→ INSTRUCTIONS TO FOLLOW: Although the records contain pictures, none belong in the copy: restate word for word only the lines from the one with "1組は2つのクラスに分かれて" through the one with "可滿足60-500kg范圍內", both included.

(Collection entries)
━━━━━━━━━━

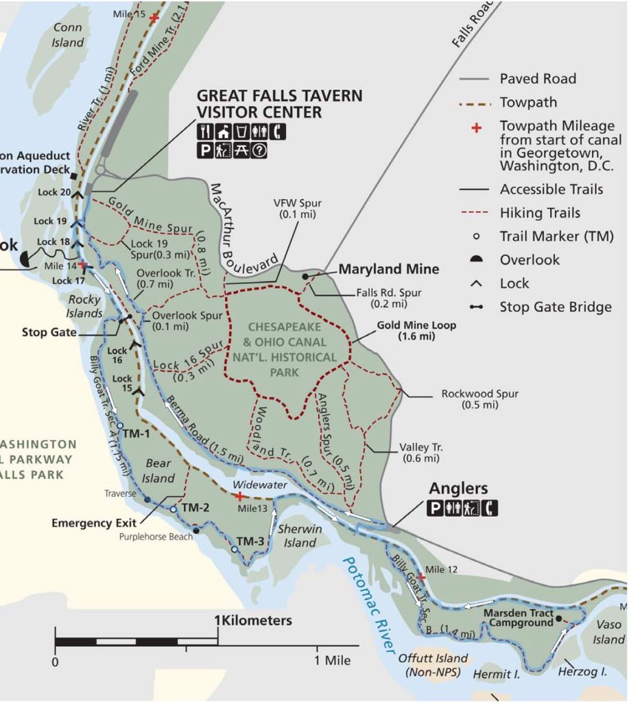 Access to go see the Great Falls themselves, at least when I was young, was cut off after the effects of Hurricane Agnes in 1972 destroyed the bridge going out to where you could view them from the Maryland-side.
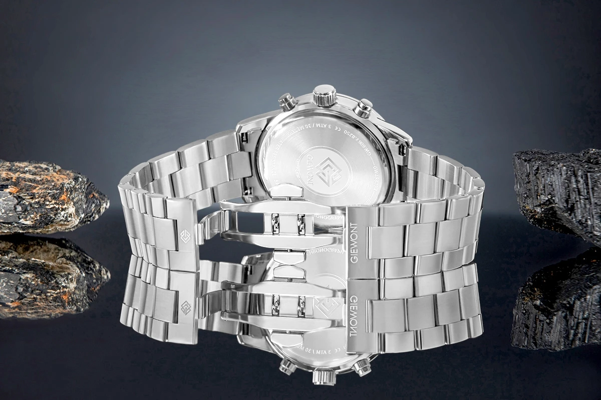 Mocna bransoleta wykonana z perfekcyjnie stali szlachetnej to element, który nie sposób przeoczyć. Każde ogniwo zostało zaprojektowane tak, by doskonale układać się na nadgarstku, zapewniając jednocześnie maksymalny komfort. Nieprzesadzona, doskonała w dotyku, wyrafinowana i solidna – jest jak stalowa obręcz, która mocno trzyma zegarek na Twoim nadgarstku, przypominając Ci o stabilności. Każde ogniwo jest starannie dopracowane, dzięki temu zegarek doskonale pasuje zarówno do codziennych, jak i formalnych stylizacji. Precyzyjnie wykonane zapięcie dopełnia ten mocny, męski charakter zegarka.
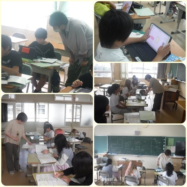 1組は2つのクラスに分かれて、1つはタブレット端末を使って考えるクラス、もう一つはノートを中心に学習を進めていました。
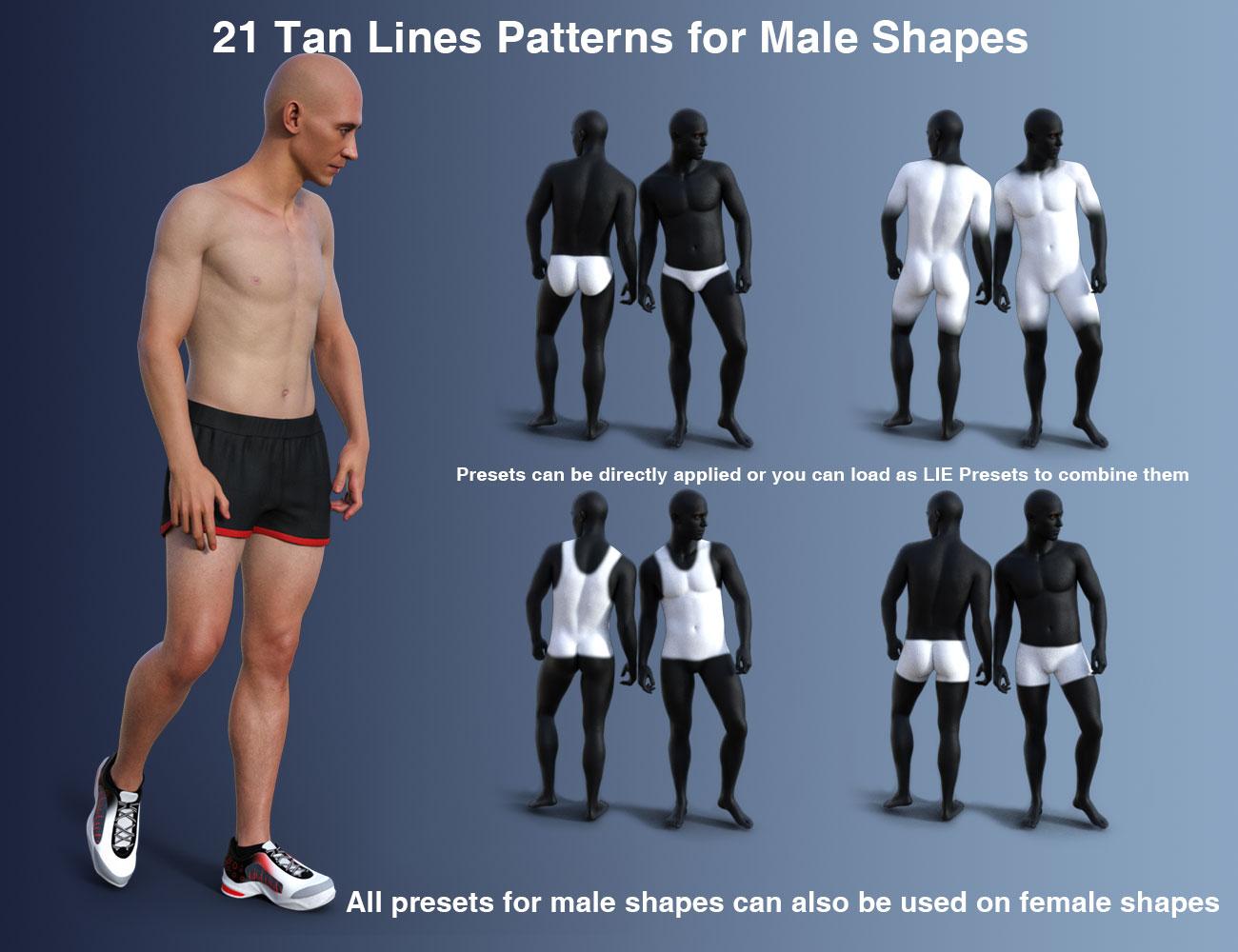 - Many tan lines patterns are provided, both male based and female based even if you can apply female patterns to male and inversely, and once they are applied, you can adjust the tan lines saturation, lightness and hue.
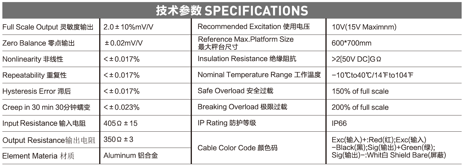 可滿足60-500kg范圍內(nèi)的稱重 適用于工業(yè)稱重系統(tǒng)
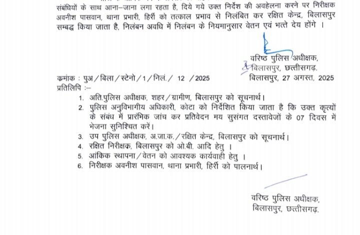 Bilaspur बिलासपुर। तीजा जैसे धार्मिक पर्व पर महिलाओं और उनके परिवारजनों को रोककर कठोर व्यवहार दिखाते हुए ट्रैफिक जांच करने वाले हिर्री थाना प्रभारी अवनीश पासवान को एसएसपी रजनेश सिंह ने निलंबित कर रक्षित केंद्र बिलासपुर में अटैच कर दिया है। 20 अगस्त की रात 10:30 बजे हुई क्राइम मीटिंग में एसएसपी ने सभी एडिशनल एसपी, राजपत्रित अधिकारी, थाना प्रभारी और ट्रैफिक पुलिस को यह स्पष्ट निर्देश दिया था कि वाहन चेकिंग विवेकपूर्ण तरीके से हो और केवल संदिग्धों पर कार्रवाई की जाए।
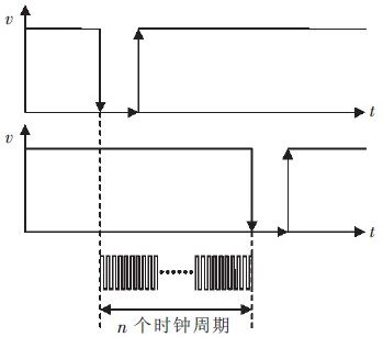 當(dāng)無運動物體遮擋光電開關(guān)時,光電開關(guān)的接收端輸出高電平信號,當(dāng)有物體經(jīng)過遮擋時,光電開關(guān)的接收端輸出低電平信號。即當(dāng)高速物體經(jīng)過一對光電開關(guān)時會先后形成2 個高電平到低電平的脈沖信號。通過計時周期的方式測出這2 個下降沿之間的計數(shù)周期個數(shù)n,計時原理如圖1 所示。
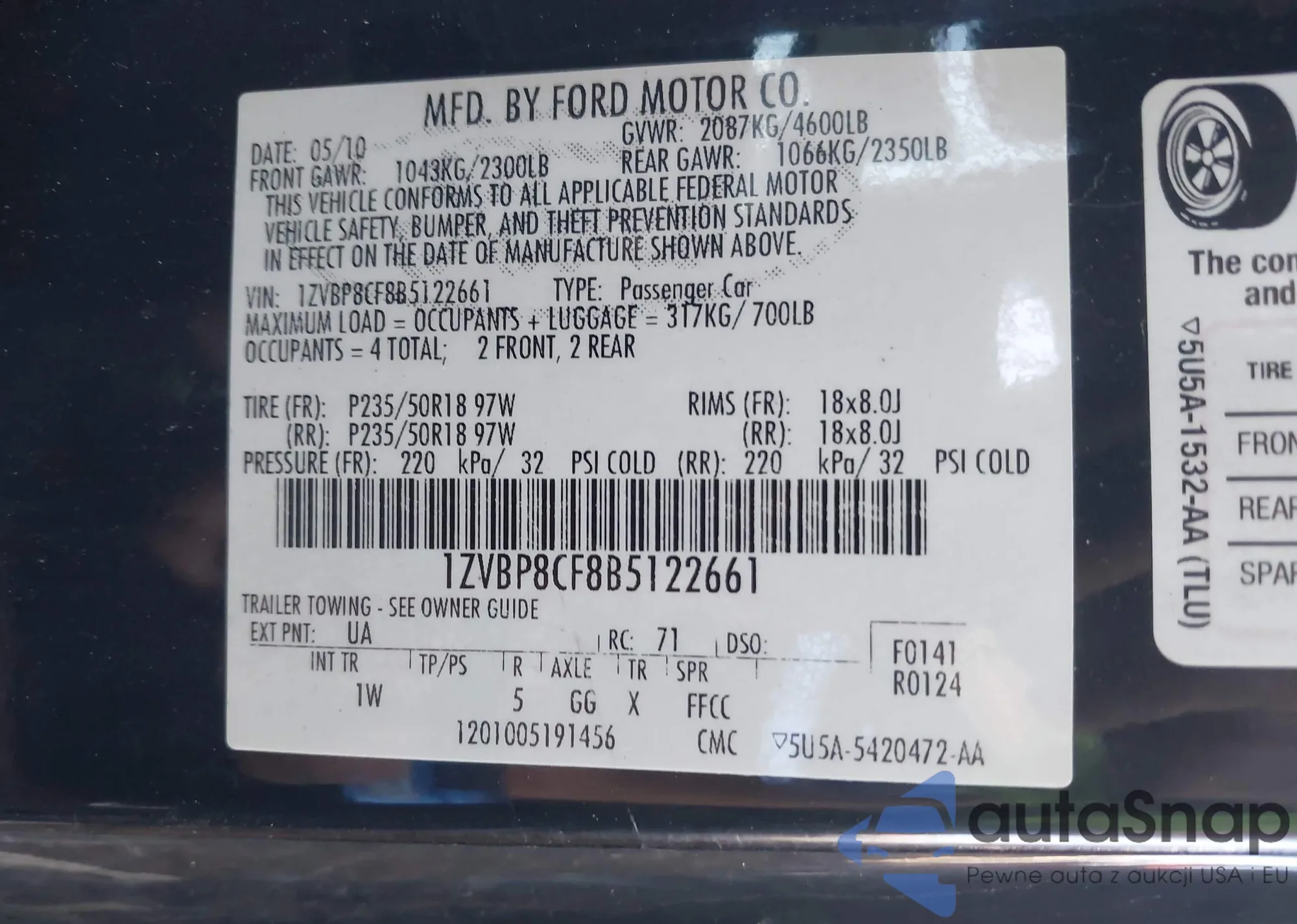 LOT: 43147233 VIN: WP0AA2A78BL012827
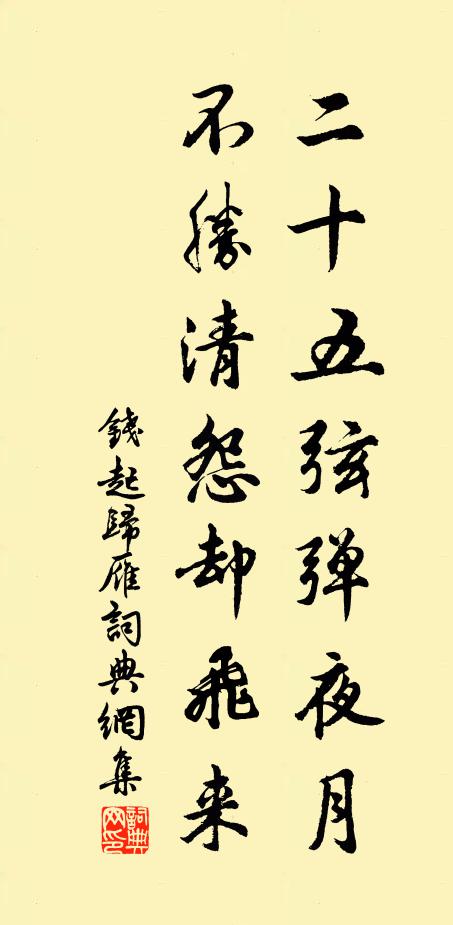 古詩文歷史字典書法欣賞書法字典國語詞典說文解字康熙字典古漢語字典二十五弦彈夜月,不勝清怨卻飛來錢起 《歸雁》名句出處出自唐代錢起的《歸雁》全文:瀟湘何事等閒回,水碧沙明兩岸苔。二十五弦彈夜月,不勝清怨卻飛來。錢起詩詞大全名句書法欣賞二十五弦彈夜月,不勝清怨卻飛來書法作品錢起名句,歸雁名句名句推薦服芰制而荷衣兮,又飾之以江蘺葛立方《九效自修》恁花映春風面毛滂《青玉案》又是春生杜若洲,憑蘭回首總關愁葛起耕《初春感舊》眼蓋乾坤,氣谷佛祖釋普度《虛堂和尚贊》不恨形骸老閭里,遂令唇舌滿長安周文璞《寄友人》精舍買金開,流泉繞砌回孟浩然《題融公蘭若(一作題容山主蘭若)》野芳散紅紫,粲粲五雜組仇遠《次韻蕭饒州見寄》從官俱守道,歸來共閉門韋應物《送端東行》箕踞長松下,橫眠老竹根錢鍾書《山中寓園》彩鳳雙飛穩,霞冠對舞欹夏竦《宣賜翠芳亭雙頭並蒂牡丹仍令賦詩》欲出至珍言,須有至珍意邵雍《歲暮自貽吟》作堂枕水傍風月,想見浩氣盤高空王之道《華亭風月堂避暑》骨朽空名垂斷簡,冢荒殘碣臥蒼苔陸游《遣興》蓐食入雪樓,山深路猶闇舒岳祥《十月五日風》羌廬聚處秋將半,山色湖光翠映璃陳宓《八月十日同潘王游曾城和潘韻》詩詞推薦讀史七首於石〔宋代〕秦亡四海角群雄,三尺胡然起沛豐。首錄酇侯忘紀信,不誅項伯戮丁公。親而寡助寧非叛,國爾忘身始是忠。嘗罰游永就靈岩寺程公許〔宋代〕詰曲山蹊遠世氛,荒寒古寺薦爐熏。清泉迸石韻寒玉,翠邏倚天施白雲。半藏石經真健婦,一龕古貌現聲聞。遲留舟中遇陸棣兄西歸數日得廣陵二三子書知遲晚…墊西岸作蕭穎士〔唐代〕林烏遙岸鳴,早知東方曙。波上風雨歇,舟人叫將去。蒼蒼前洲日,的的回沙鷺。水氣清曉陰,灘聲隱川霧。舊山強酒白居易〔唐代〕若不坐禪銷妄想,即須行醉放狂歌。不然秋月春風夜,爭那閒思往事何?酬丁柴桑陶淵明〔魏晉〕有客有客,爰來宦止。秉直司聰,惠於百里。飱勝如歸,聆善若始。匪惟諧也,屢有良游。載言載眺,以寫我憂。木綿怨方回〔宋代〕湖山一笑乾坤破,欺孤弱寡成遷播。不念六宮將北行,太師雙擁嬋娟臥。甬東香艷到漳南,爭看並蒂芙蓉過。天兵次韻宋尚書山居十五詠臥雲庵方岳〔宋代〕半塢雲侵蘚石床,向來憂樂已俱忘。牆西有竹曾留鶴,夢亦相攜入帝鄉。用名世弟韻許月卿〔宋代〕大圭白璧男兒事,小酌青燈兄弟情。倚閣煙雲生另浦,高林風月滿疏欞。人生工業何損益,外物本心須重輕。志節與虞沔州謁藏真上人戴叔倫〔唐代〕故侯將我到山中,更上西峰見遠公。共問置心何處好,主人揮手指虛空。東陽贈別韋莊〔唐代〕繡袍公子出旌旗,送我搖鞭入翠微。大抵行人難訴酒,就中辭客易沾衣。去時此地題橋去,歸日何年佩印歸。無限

━━━━━━━━━━

→ SOLUTION TO THIS EXERCISE:
 1組は2つのクラスに分かれて、1つはタブレット端末を使って考えるクラス、もう一つはノートを中心に学習を進めていました。
 - Many tan lines patterns are provided, both male based and female based even if you can apply female patterns to male and inversely, and once they are applied, you can adjust the tan lines saturation, lightness and hue.
 可滿足60-500kg范圍內(nèi)的稱重 適用于工業(yè)稱重系統(tǒng)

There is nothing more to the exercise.